A: Minimum intervals are used when patients have fallen behind on their immunization schedule or when they need their dosing schedule expedited (for example, if there is imminent travel). The minimum interval between the first and second doses of HPV vaccine is 4 weeks. The minimum interval between the second and third dose is 12 weeks. ACIP recommends an interval of 24 weeks between the first and third dose. However, the third dose can be considered to be valid if it was separated from the first dose by at least 16 weeks and from the second dose by at least 12 weeks.
Q: If a patient has been sexually active for a number of years, is it still recommended to give HPV vaccine or to complete the HPV vaccine series?
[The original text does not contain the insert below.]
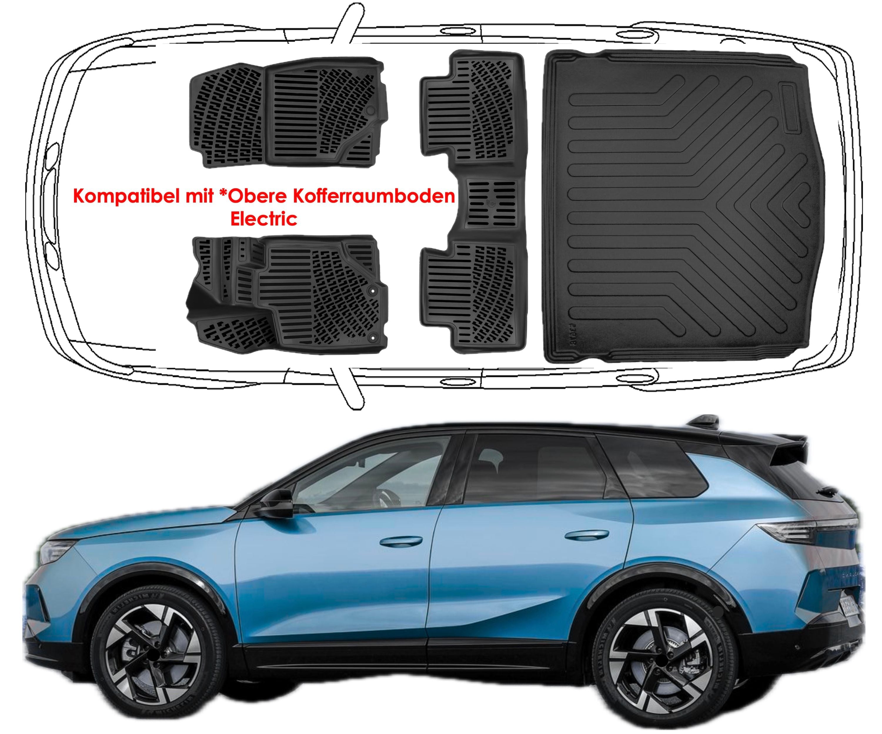 3D Auto Fußmatten & Obere Kofferraumwanne Set Kompatibel mit Opel Grandland 2.Gen Electric ab 2024

A: Yes. HPV vaccine should be administered to people who are already sexually active. Ideally, patients should be vaccinated before onset of sexual activity; however, patients who have already been infected with one or more HPV types still get protection from other HPV types in the vaccine that have not been acquired.
Q: If a 30-year-old female patient insists that she wants to receive HPV vaccine, can I give it to her?
A: HPV vaccine is not FDA-licensed for use in women older than age 26 years. Studies have shown that the vaccine is safe in women age 27 years and older. ACIP does not recommend the use of this vaccine outside the FDA licensing guidelines unless the series was started but not completed by age 26 years. Clinicians may choose to administer HPV vaccine off-label to men and women age 27 years or older.
Q: What adverse events can be expected following HPV vaccine?
A: In clinical trials involving more than 35,000 subjects, the most common adverse event was injection site pain, which was reported in 58% to 90% of recipients (depending on vaccine and dose number). Other local reactions, such as redness and/or swelling, were reported in 30% to 40% of recipients. Local reactions were reported more frequently among 9vHPV recipients than among 4vHPV recipients, probably because of the larger amount of aluminum adjuvant present in 9vHPV. Systemic reaction, such as fever, headache, and fatigue, were reported by 2% to 50% of recipients (depending on vaccine and dose number). These symptoms generally occurred at about the same rate in vaccine and placebo recipients.